Entre os direitos fundamentais do paciente estão:
- Respeito à dignidade e privacidade: o paciente deve ser tratado com cortesia e ter sua intimidade preservada durante procedimentos, higiene e consultas.
- Consentimento informado: o paciente tem direito a receber informações claras sobre exames, tratamentos e procedimentos, podendo aceitar ou recusar quando estiver capacitado.
- Acesso à informação: direito de ser informado sobre sua condição de saúde, evolução do tratamento e alternativas disponíveis.
- Acompanhamento por familiares: em hospitais que permitem, o paciente pode ter um acompanhante presente, respeitando regras institucionais.
- Segurança e assistência adequada: o paciente deve receber cuidados que minimizem riscos de acidentes, infecções ou danos durante a internação.
A legislação básica inclui normas da Constituição Federal, Código de Ética Médica, Estatuto do Idoso e resoluções do Conselho Federal de Enfermagem, que garantem direitos, segurança e confidencialidade do paciente.
É importante lembrar que cada hospital possui políticas internas de acompanhamento, definindo horários de visita, número de acompanhantes, normas de higiene e protocolos de segurança.
O acompanhante hospitalar deve:
- Conhecer essas políticas e seguir rigorosamente as regras do hospital.

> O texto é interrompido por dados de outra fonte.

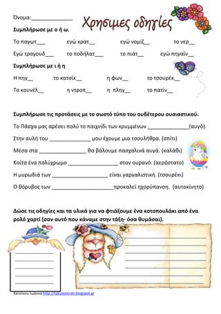 Μέσα στα ________________ θα βάλουμε πασχαλινά αυγά. (καλάθι)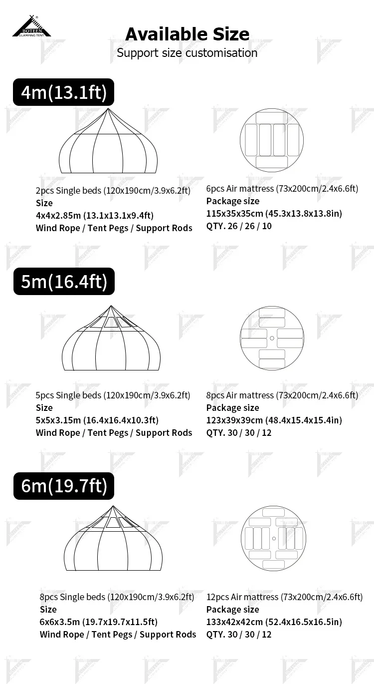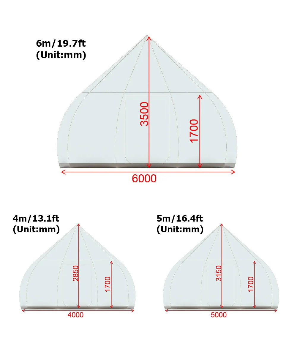 | Total measurement | 4x4x2.85 meters(13.1×13.1×9.4ft) |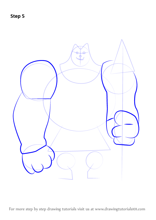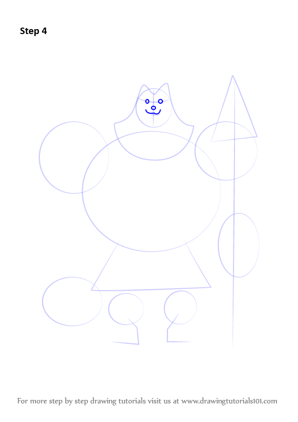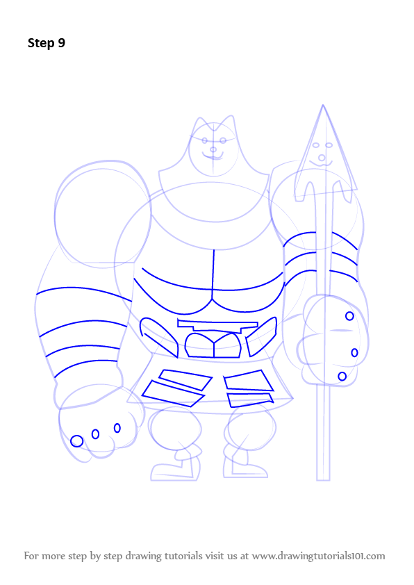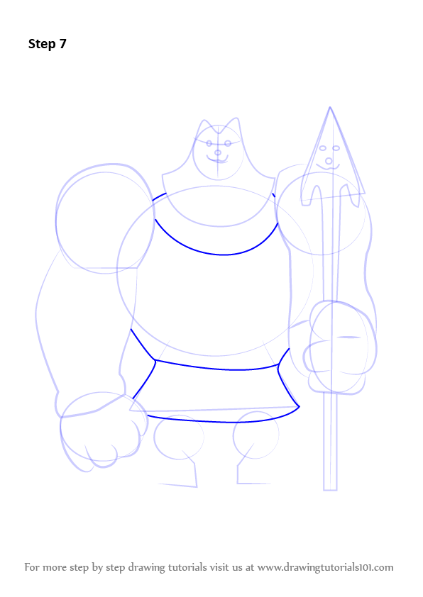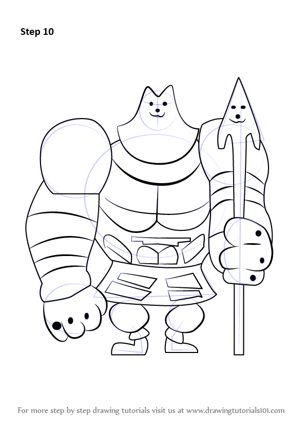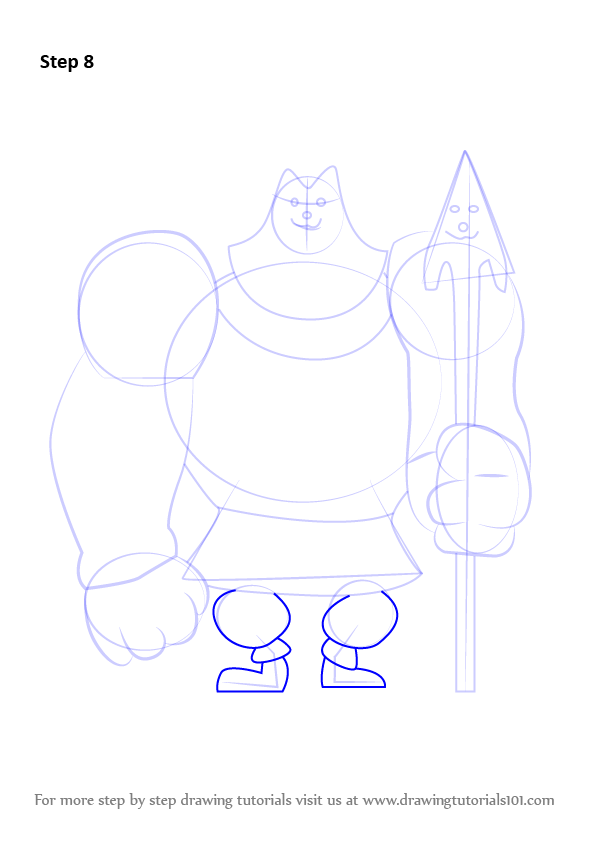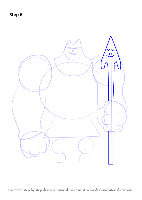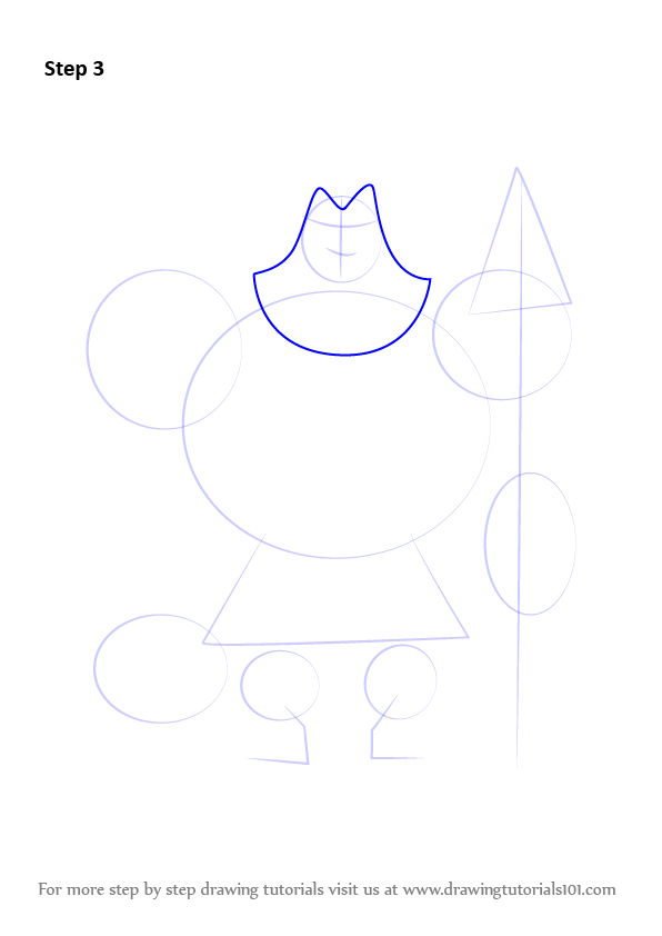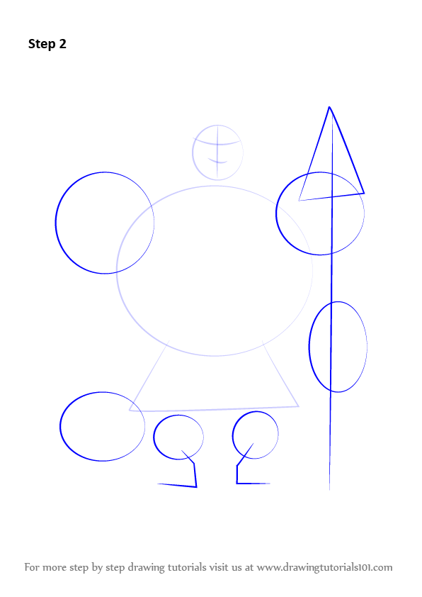 Draw six ovals & draw outline forlegs & weapon.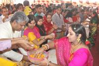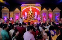 Devotees partake in Durga pooja on the occasion of Navaratri utsava at RBANMS Grounds, in Bengaluru on Sunday 9th October 2016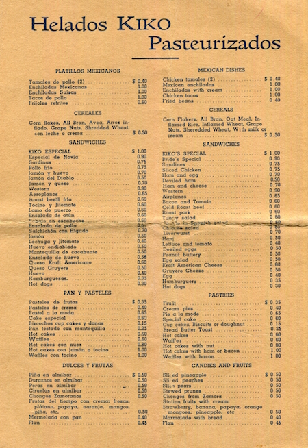 Mexico Mexico City Restaurant Kikos Kiko Menu 1931 Back
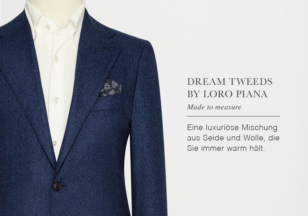 Eine einzigartige Mischung aus strukturierter Wolle und luftiger Weichheit: Unsere Dream-Tweed-Auswahl trotzt den winterlichen Elementen und umgibt den Träger zugleich mit Wärme und raffinierter Eleganz. Zudem passt sie perfekt zu unseren ausgefallenen Futterstoffen.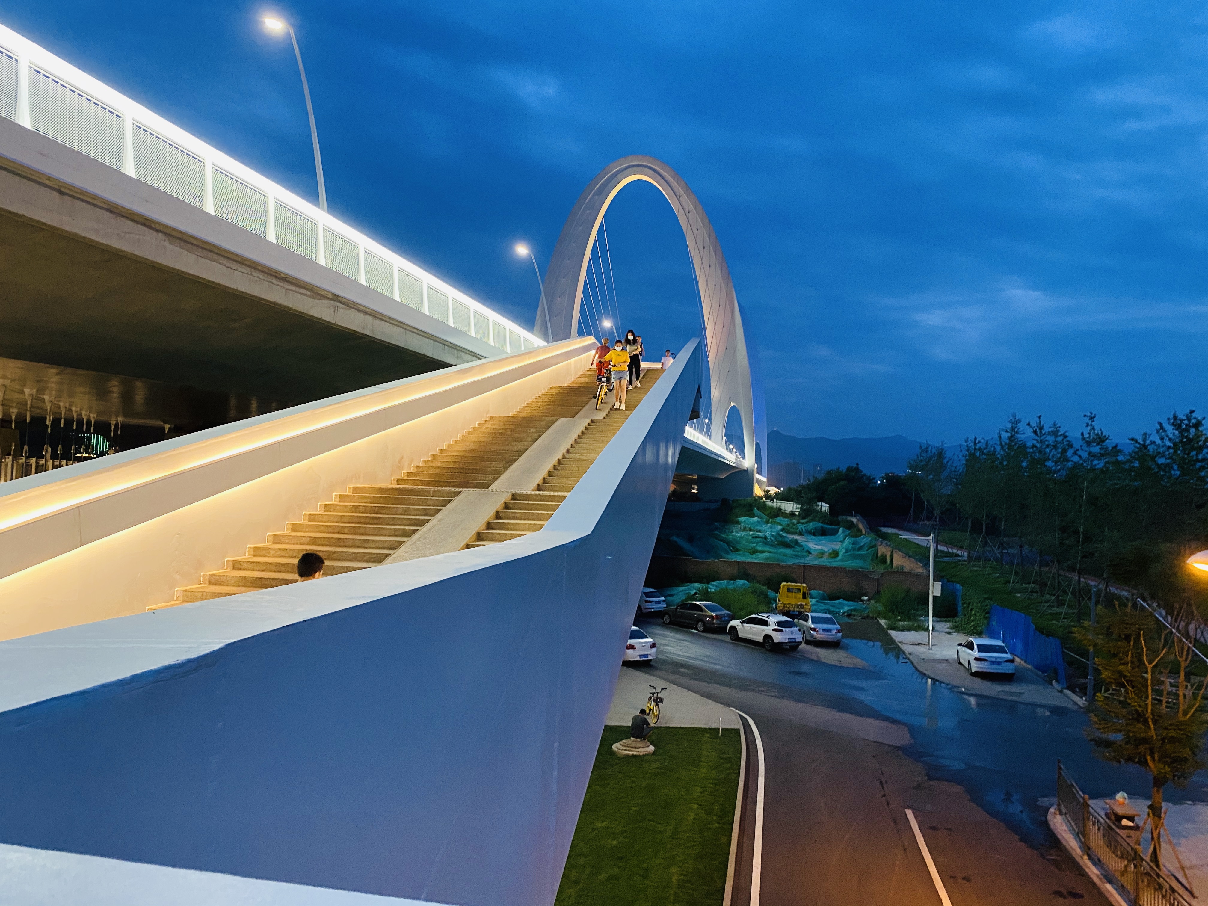 首鋼始建於1919年,2010年搬遷後,遺址改建為文化產業園,遺留下的老式廠房早已變身為工業風網紅打卡聖地,是工業遺跡和自然環境的有機融合。新首鋼大橋連接石景山區與門頭溝區,就像一座兼具力與美的鋼鐵藝術品,成為北京西部地標性建築。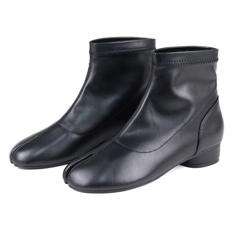 タイトスカートやプリーツスカートに足袋ブーツを合わせ、足元からモード感を演出。トップスにボリュームスリーブやブラウスを取り入れると、女性らしいメリハリのあるシルエットに。靴の足袋デザインが程よく個性をプラスし、シンプルながらも印象的なスタイリングに仕上がります。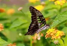 青带凤蝶Graphium sarpedon ,又名青凤蝶,是最普遍的中型凤蝶,飞行速度很快。青带凤蝶的翅膀中央有许多浅蓝色的斑点,很整齐地排列成一条直线。这些斑点由上而下逐渐变大,就像一条青色的带子。全部>>
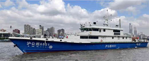 该型艇总长55米,型宽7.6米,型深4.2米,航速可达23节,主要承担上海所辖水域的治安维护、110应急接警、突发情况应急处置等任务。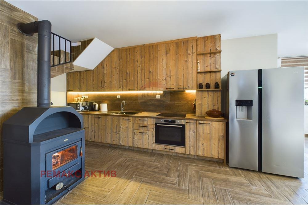 - голяма и слънчева дневна с трапезария и кухня, 40 кв.м. напълно обзаведена с нови уреди, климатик и камина;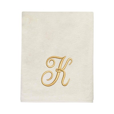 Avanti Ivory with Gold Script Monogram Bath Towel Letter K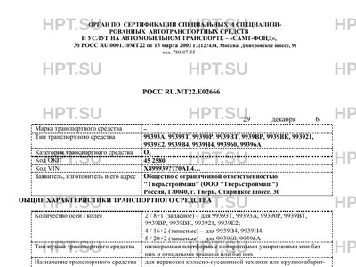 | Коммерческое наименование | Полуприцепы-тяжеловозы: 993960, 99396А, 99393Т, 99393А, 9939ОР, 9939ВТ, 9939ВР,… |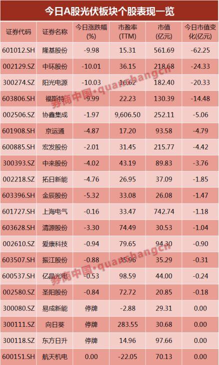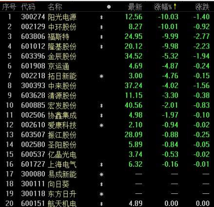 今日,A股方面,陽(yáng)光電源、中環(huán)股份、福斯特和隆基股份等4只光伏龍頭股,在開(kāi)盤(pán)后便迅速跌停,直至收盤(pán)跌停板仍未打開(kāi)。整體來(lái)看,光伏板塊共計(jì)20只個(gè)股:3只停牌,16只下跌,1只平盤(pán),無(wú)1只上漲。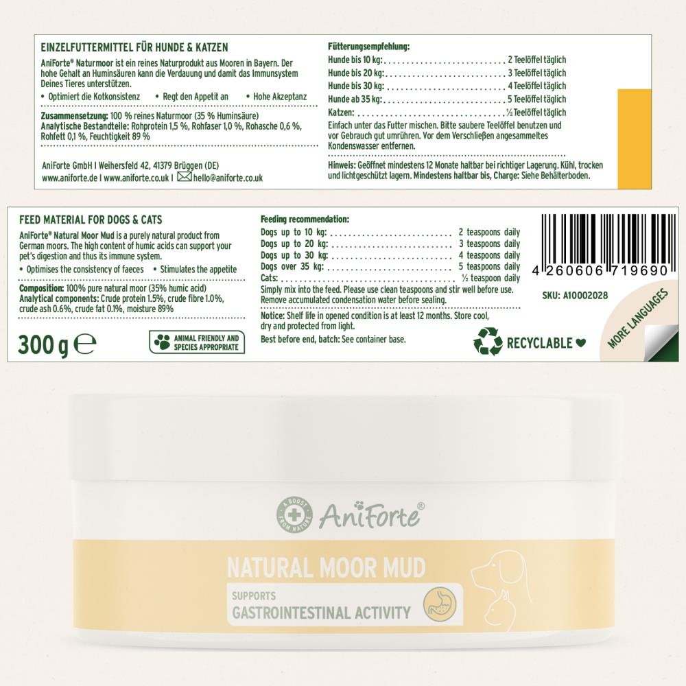 AniForte® Naturmoor ist ein reines Naturprodukt aus deutschen Mooren. Der hohe Gehalt an Huminsäure kann die Verdauung und das Immunsystem deines Haustieres unterstützen und wird einfach unter das tägliche Futter gemischt. Naturmoor ist eines der ältesten Naturprodukte und ein traditionelles Hausmittel – seit Generationen wird es bei Menschen und Tieren zur inneren und äußeren Anwendung genutzt. Durch einen natürlichen biochemischen Prozess entsteht über Jahrtausende hinweg eine organische Masse, die eine einzigartige Kombination wertvoller Inhaltsstoffe enthält.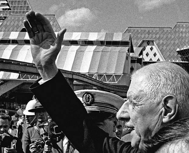 July 24, 1967: Gen. de Gaulle salutes the Montreal crowd during his famous speech.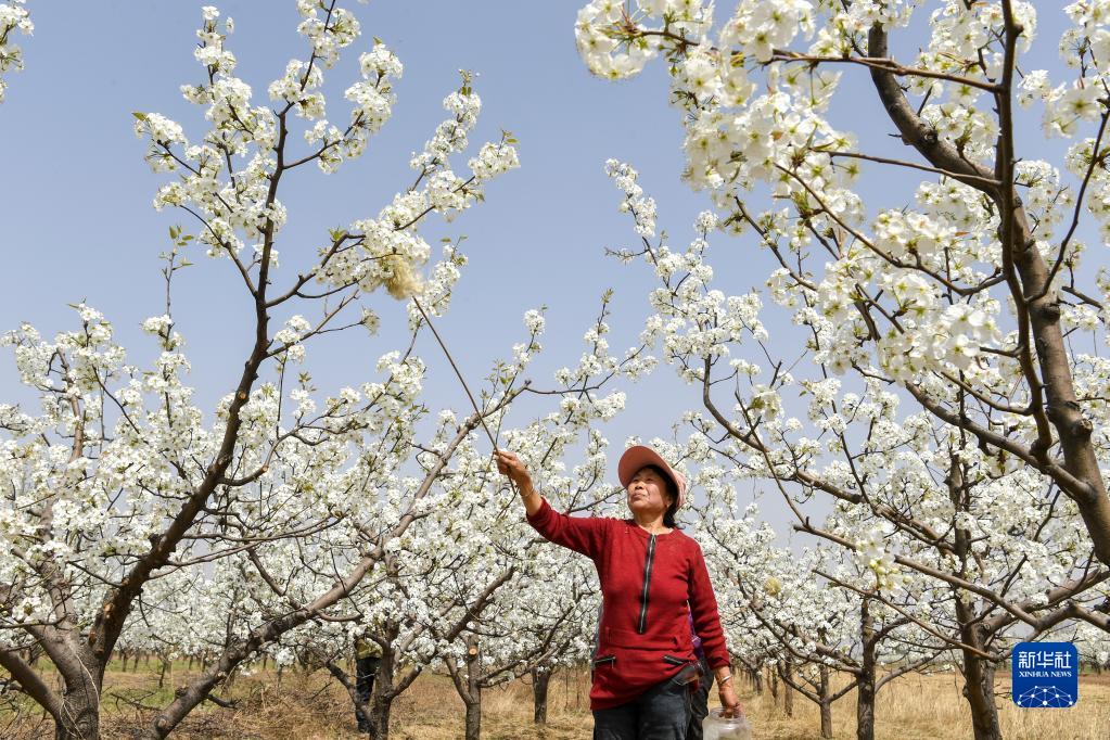 4月10日,山西省晉中市平遙縣襄垣鄉襄垣村果農在梨園內為梨花授粉。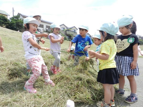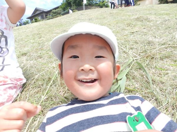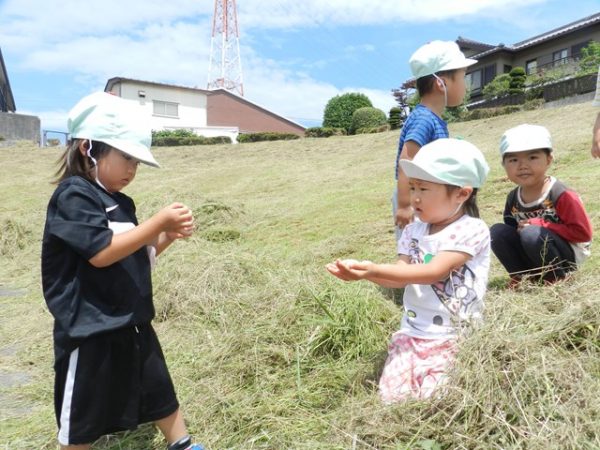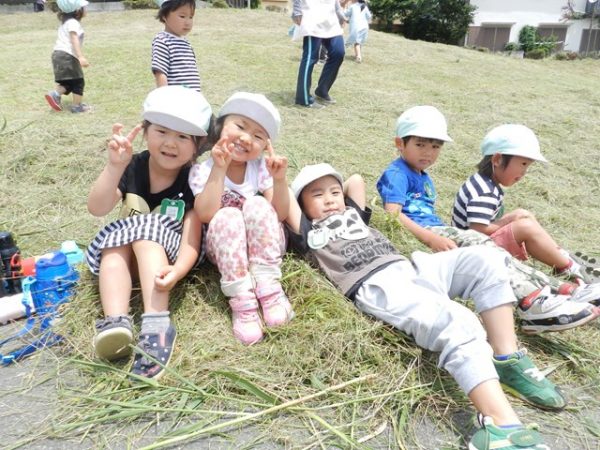刈られた芝がたくさんあったので、みんなで集めてお山をつくっている子もいました。

- Informar o paciente e familiares sobre direitos e restrições de maneira clara, sem interpretar ou modificar normas.
- Garantir que qualquer orientação ou procedimento esteja dentro do permitido, evitando conflitos com a equipe ou violação de direitos.
Ao respeitar os direitos do paciente, a legislação e as políticas institucionais, o acompanhante hospitalar contribui para um ambiente seguro, ético e humanizado, fortalecendo a confiança entre paciente, familiares e equipe de saúde. Essa postura é essencial para oferecer cuidado de qualidade e promover a dignidade de todos durante a internação.